Automating with Sloth
Sloth generates all the recording rules and burn-rate alerts from a simple SLO specification:
# slo.yaml — Sloth SLO specification
version: "prometheus/v1"
service: "api-gateway"
labels:
team: platform
tier: tier-1
slos:
- name: "requests-availability"
objective: 99.9
description: "99.9% of API requests succeed"
sli:
events:
error_query: sum(rate(http_requests_total{job="api-gateway",status=~"5.."}[{{.window}}]))
total_query: sum(rate(http_requests_total{job="api-gateway"}[{{.window}}]))
alerting:
name: APIGatewayAvailability
labels:
team: platform
annotations:
runbook_url: "https://runbooks.example.com/api-gateway-availability"
page_alert:
labels:
severity: critical
ticket_alert:
labels:
severity: warning
- name: "requests-latency"
objective: 99.0
description: "99% of API requests complete within 300ms"
sli:
events:
error_query: |
sum(rate(http_request_duration_seconds_count{job="api-gateway"}[{{.window}}]))
-
sum(rate(http_request_duration_seconds_bucket{job="api-gateway",le="0.3"}[{{.window}}]))
total_query: sum(rate(http_request_duration_seconds_count{job="api-gateway"}[{{.window}}]))
alerting:
name: APIGatewayLatency
labels:
team: platform
# Generate Prometheus rules from Sloth spec
sloth generate -i slo.yaml -o rules/
# Output: rules/api-gateway.yaml
# Contains:
# - 14 recording rules (error ratios at multiple windows)
# - 4 alerting rules (multi-burn-rate, multi-window)
# - SLO metadata labels on all rules
# Validate generated rules
promtool check rules rules/api-gateway.yaml
# Sloth also supports Kubernetes CRD mode
sloth generate -i slo.yaml --mode kubernetes -o manifests/
SLO Dashboards
# Key queries for SLO dashboards
# 1. Current error budget remaining (percentage)
1 - (
sum(increase(http_requests_total{job="api-gateway",status=~"5.."}[30d]))

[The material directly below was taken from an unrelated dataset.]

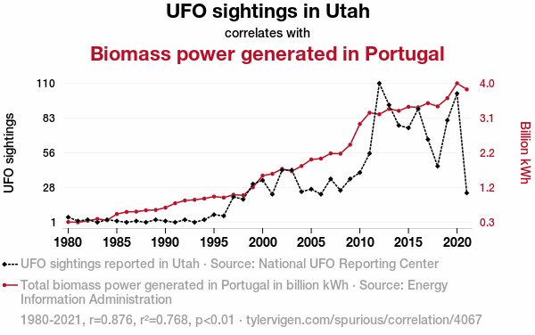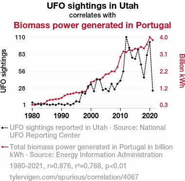 A linear line chart with years as the X-axis and two variables on the Y-axis. The first variable is UFO sightings in Utah and the second variable is Biomass power generated in Portugal.  The chart goes from 1980 to 2021, and the two variables track closely in value over that time. Small Image

/ sum(increase(http_requests_total{job="api-gateway"}[30d]))
) / (1 - 0.999)
# 2. Burn rate (current, over 1h)
(
sum(rate(http_requests_total{job="api-gateway",status=~"5.."}[1h]))
/ sum(rate(http_requests_total{job="api-gateway"}[1h]))
) / (1 - 0.999)
# 3. Time until budget exhaustion (hours)
# If burn_rate > 1:
(720 * (1 - slo:api_error_budget_consumed:ratio)) / burn_rate_1h
# 4. SLI over sliding windows
slo:api_availability:rate5m # Real-time
slo:api_error_ratio:rate1h # Hourly trend
slo:api_error_ratio:rate1d # Daily trend
Error Budget Policy
Error Budget Policy Framework:
- >50% remaining: Normal velocity. Ship features freely, accept reasonable risk.
- 25–50% remaining: Caution. Require extra review for risky deployments. Prioritize reliability work.
- <25% remaining: Freeze non-critical deploys. Focus engineering time on reliability improvements.
- 0% (exhausted): Full feature freeze. All engineering effort on reliability until budget replenishes.
Conclusion
Key Takeaways:
- SLIs are ratios — good events / total events, measured from user-facing metrics
- Error budgets quantify risk tolerance — 99.9% SLO = 43 minutes of allowed downtime per month
- Multi-burn-rate alerts are precise — page for fast burns (14.4x), ticket for slow burns (1x)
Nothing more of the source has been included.